-- EXERCISE DETAILS --
Go through the listing and set it down exactly, leaving out its pictures.

-- COLLECTED DATA --
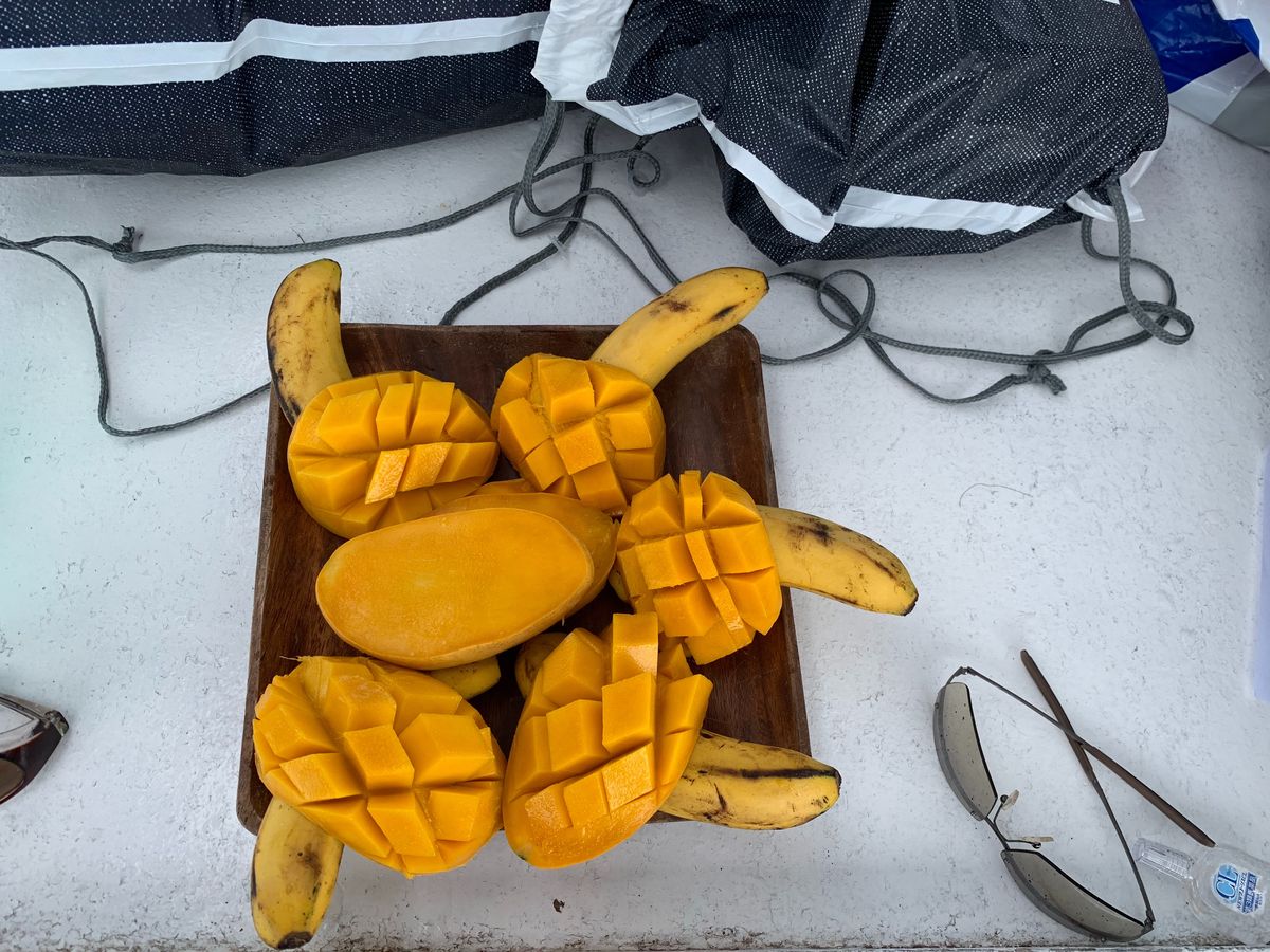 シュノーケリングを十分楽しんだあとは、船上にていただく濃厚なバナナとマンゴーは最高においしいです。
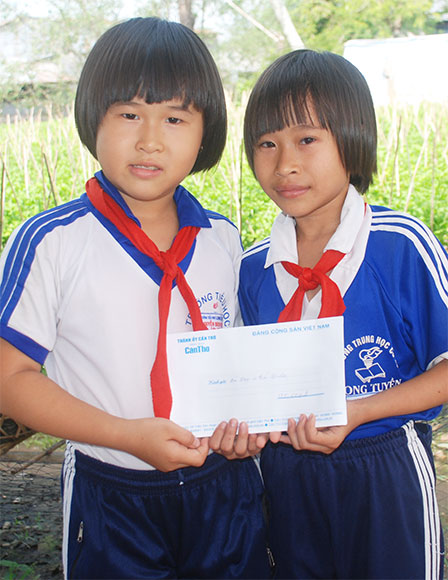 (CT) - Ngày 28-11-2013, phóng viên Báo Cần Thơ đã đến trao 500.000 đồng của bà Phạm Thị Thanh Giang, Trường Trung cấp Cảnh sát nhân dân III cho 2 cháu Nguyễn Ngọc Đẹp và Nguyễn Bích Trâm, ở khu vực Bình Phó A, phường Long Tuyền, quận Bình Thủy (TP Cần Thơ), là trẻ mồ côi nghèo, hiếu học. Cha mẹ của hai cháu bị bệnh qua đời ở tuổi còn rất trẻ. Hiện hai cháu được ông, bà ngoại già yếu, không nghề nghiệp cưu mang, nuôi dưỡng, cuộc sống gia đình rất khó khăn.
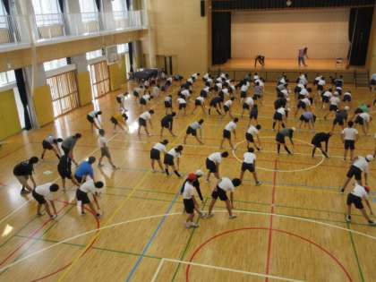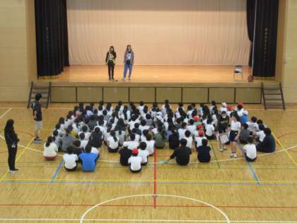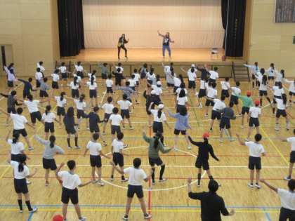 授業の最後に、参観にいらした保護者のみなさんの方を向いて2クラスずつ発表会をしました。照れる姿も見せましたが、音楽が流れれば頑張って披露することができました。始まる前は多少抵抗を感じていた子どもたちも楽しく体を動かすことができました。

-- SOLUTION FOR THIS TASK --
 シュノーケリングを十分楽しんだあとは、船上にていただく濃厚なバナナとマンゴーは最高においしいです。
 (CT) - Ngày 28-11-2013, phóng viên Báo Cần Thơ đã đến trao 500.000 đồng của bà Phạm Thị Thanh Giang, Trường Trung cấp Cảnh sát nhân dân III cho 2 cháu Nguyễn Ngọc Đẹp và Nguyễn Bích Trâm, ở khu vực Bình Phó A, phường Long Tuyền, quận Bình Thủy (TP Cần Thơ), là trẻ mồ côi nghèo, hiếu học. Cha mẹ của hai cháu bị bệnh qua đời ở tuổi còn rất trẻ. Hiện hai cháu được ông, bà ngoại già yếu, không nghề nghiệp cưu mang, nuôi dưỡng, cuộc sống gia đình rất khó khăn.
 授業の最後に、参観にいらした保護者のみなさんの方を向いて2クラスずつ発表会をしました。照れる姿も見せましたが、音楽が流れれば頑張って披露することができました。始まる前は多少抵抗を感じていた子どもたちも楽しく体を動かすことができました。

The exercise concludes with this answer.